Isolation of PDM and CM in steatotic liver of MASLD. (A) Schematic representation of PDM and CM isolation procedure. Eight-week-old male C57BL/6 mice were fed a WD diet for 20 weeks. The liver tissues were dissected from mice and homogenized. Low-speed centrifugation separated the fat layer containing PDM from supernatant containing CM. High-speed centrifugation stripped PDM from LDs and pelleted CM from the supernatant. (B) Confocal image of PDM in fraction 1 (fat layer) before high-speed centrifugation. Twenty-five microliters fat layer were taken and costained with MitoView™ Green (green) for mitochondria and LipidSpot™ 610 (red) for LDs (n = 5). White arrows point to the LDs surrounded by mitochondria (PDM). Scale bar, 5 μm. (C) Confocal images of isolated PDM. PDM were isolated from fat layer by high-speed centrifugation and were costained with MitoView™ Green (green) and LipidSpot™ 610 (red) (n = 5). Scale bar, 5 μm. (D) Confocal images of isolated CM. CM were isolated from fraction 2 (supernatant) by high-speed centrifugation and were costained with MitoView™ Green (green) and LipidSpot ™ 610 (red) (n = 5). Scale bar, 5 μm. CM, cytoplasmic mitochondria; LD, lipid droplet; PDM, peridroplet mitochondria; WD, Western diet.

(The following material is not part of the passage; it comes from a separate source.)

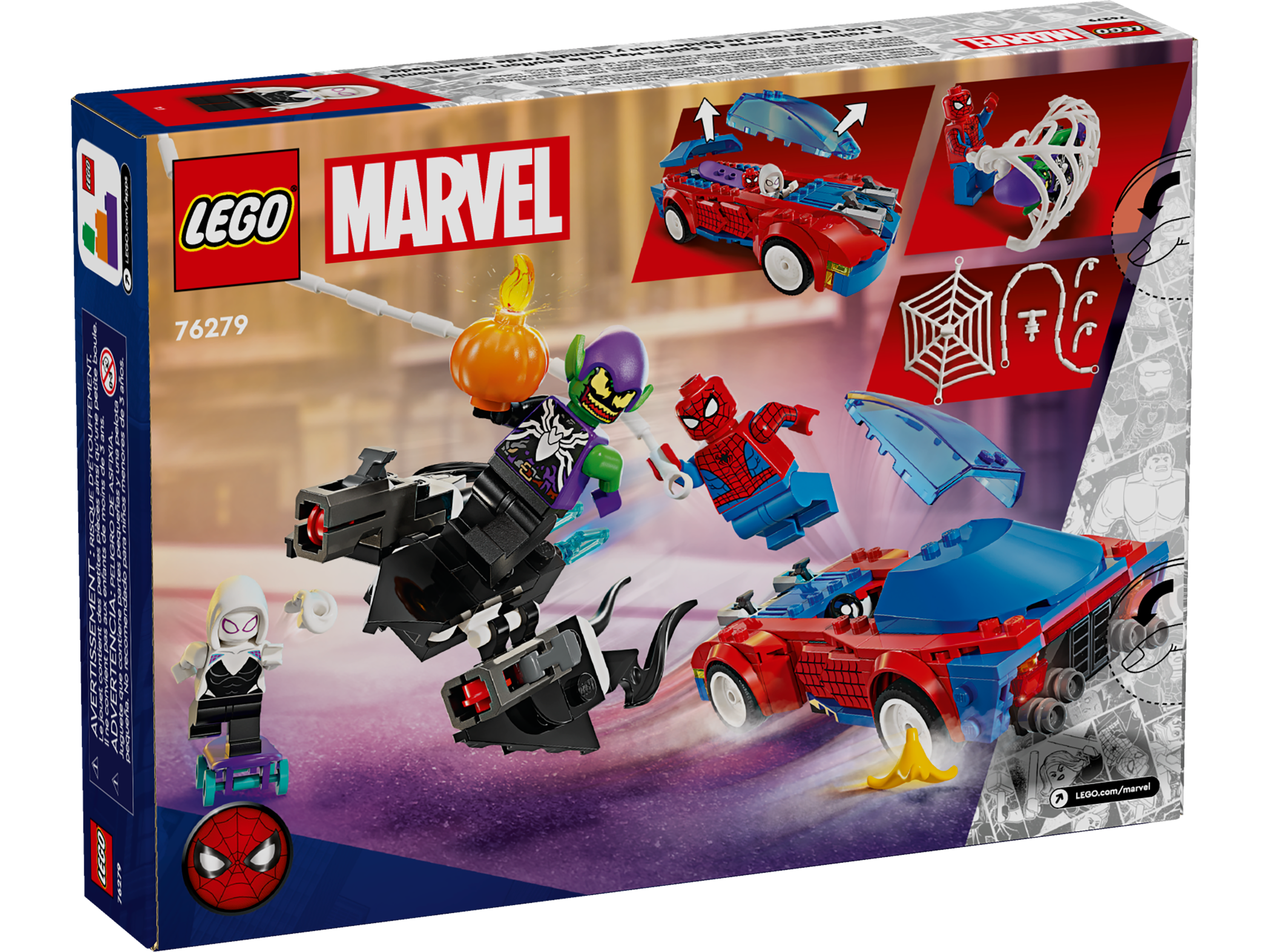 Spider-Man, Ghost-Spider and Venom Green Goblin engage in fast-moving battle action using an awesome assortment of vehicles, weapons and accessories. Spider-Man’s car has 2 front stud shooters, Green Goblin’s glider has 2 stud shooters and he carries pumpkin bombs, and Ghost-Spider uses 2 hand web blasters as she rides her skateboard. Spider-Man swings on a flexible web ‘rope’ and uses a large, bendable web to capture villains. Removable sections give access to the car’s interior, which is big enough to hold 2 minifigures and the skateboard. For added digital fun, builders can zoom in, rotate models in 3D and track their progress using the fun, intuitive LEGO Builder app.

To demonstrate the existence of PDM, the fat layer was costained for mitochondria and LDs. As shown in Figure 2B, confocal microscopy revealed that some LDs (Red) were surrounded by mitochondria (Green)-PDM in the fat layer. Next, to obtain the purified mitochondria, the mitochondria located in the fat layer and the supernatant were centrifuged by high-speed centrifugation, respectively. After high-speed centrifugation, LDs will be stripped out from PDM. The isolated PDM pellet was costained for mitochondria and LDs. As shown in Figure 2C, confocal microscopy revealed that little to no LipidSpot ™ 610 staining, suggesting that PDM were successfully separated from LDs. As shown in supplemental Fig. S3, the stripped fat layer were stained with LipidSpot™ 610 and numerous LDs can be seen, suggesting that the majority of PDM were harvested from LDs. As shown in Figure 2D, the isolated CM were costained with MitoView™ Green and LipidSpot™ 610, and little to no LipidSpot™ 610 staining can be seen, suggesting that CM are devoid of associated LDs.
To compare the difference between PDM and CM, proteome profiling based on DIA was used. The staining of Coomassie brilliant blue showed that the distribution pattern of proteins in PDM and CM are significantly different (supplemental Fig. S4A). More than 1500 proteins were detected in isolated PDM and CM. However, almost all proteins were detected in both PDM and CM, and no specific proteins for PDM or CM were found. One sample of CM was removed because of less than 600 proteins were identified. Two hundred sixty differentially expressed proteins were identified. Among these proteins, 199 proteins are upregulated and 61 proteins are downregulated in PDM (supplemental Fig. S4B). Differentially expressed proteins were mapped into biological processes and cellular components or pathways using Kyoto Encyclopedia of Genes and Genomes (supplemental Fig. S4C) and Gene Ontology (supplemental Fig. S4D). The PDM proteome has a higher number of oxidative phosphorylation (OXPHOS), fatty acid biosynthesis, cholesterol metabolism, ABC transporters, and thermogenesis-related proteins showing higher expressions, while CM proteome has a higher number of fatty acid β-oxidation, fatty acid degradation, and peroxisome-related proteins showing higher expressions (supplemental Fig. S4C, D). Overall, through proteomic study, the data suggest that the PDM are functionally different from CM in steatotic liver tissues of MASLD.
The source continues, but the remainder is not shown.